* PROMPT
Only the lines from the one containing "composé de quartz" through the final line below belong in the output, copied exactly and without pictures.

* RECORDS PROVIDED
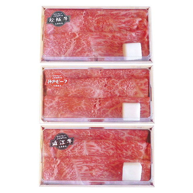 日本三大銘柄牛の松阪牛・神戸ビーフ・近江牛の食べ比べセットです。
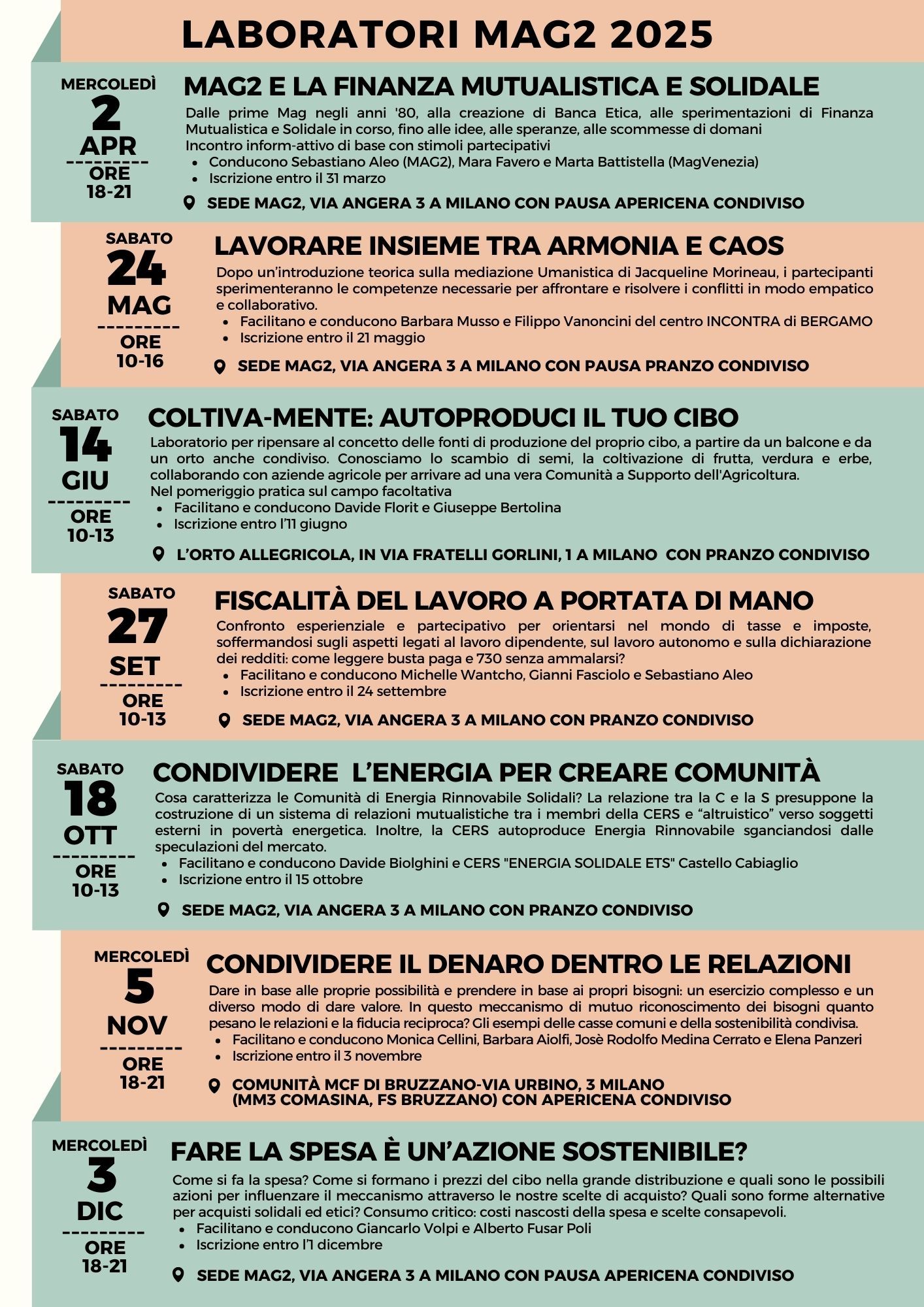 Torna la Sostenibilità Condivisa per Economie di Comunità, il progetto avviato nel 2024 e coordinato da MAG2 per concepire insieme nuove visioni per un mondo solidale e di pace basato sul rispetto delle persone e dell’ambiente. Una ricerca collettiva da attuare attraverso un percorso formativo rinnovato per l’anno in corso con l’aggiunta di più appuntamenti, l’accoglienza di nuovi relatori e il debutto di sedi inedite. Ne è scaturito un calendario di 7 laboratori da aprile a dicembre 2025 a Milano con 17 oratori a stimolare il dialogo e la riflessione su temi di rilievo, come denaro, cibo ed energia.
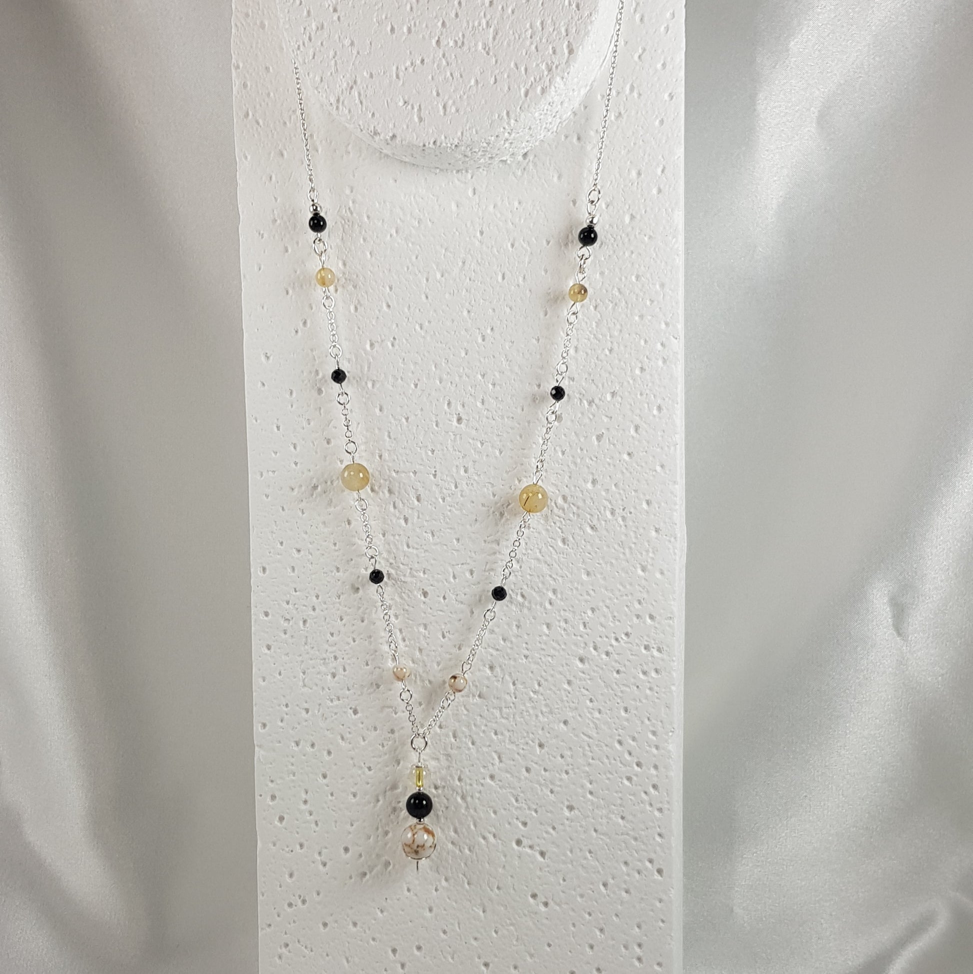 composé de quartz rutile, howlite, onyx + perles argent 925 + chaine argent 925
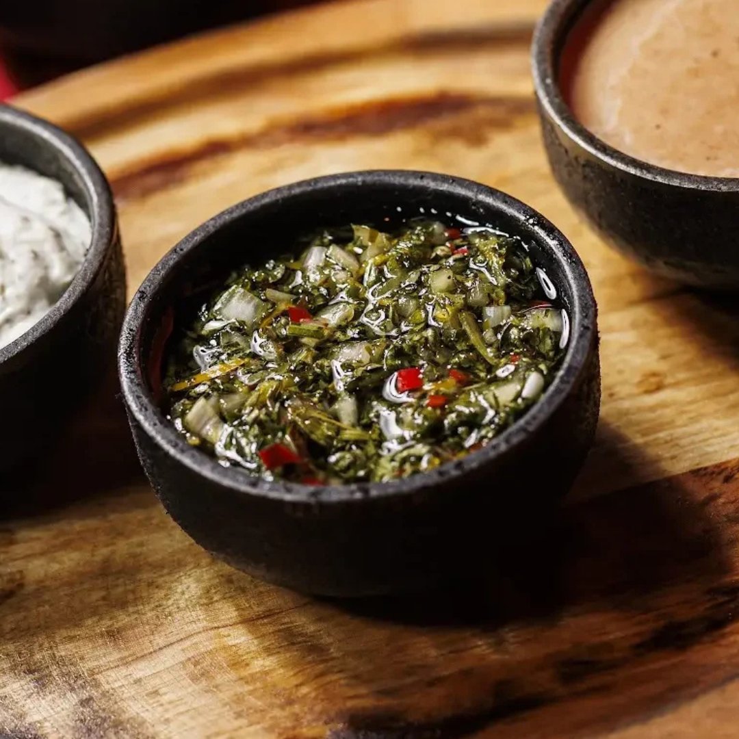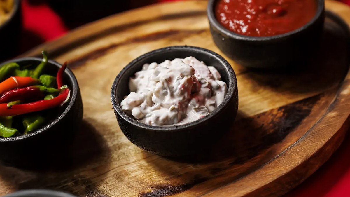 kapota jautienos išpjova, kaparėliai, šalotai, kornišonai, žolelės, laiškinio česnako padažas
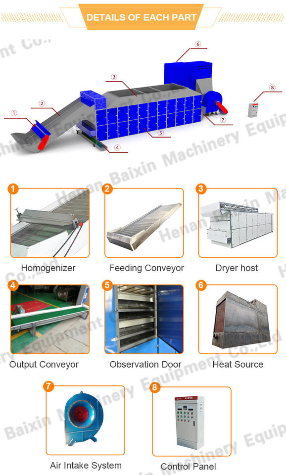 การใช้งาน:เครื่องอบแห้งแบบสายพานตาข่ายใช้สำหรับอบแห้งอาหารผักผลไม้กระเทียมฯลฯ
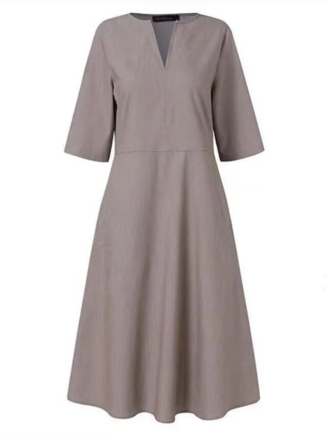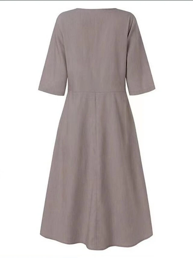 Women’s Casual Dress Cotton Linen Dress Swing Dress Midi Dress Linen Cotton Blend Basic Casual Outdoor Daily Vacation V Neck Pocket Half Sleeve Summer Spring 2023 Regular Fit Black Blue Gray Plain S

* RESULT FOR THIS EXERCISE
 composé de quartz rutile, howlite, onyx + perles argent 925 + chaine argent 925
 kapota jautienos išpjova, kaparėliai, šalotai, kornišonai, žolelės, laiškinio česnako padažas
 การใช้งาน:เครื่องอบแห้งแบบสายพานตาข่ายใช้สำหรับอบแห้งอาหารผักผลไม้กระเทียมฯลฯ
 Women’s Casual Dress Cotton Linen Dress Swing Dress Midi Dress Linen Cotton Blend Basic Casual Outdoor Daily Vacation V Neck Pocket Half Sleeve Summer Spring 2023 Regular Fit Black Blue Gray Plain S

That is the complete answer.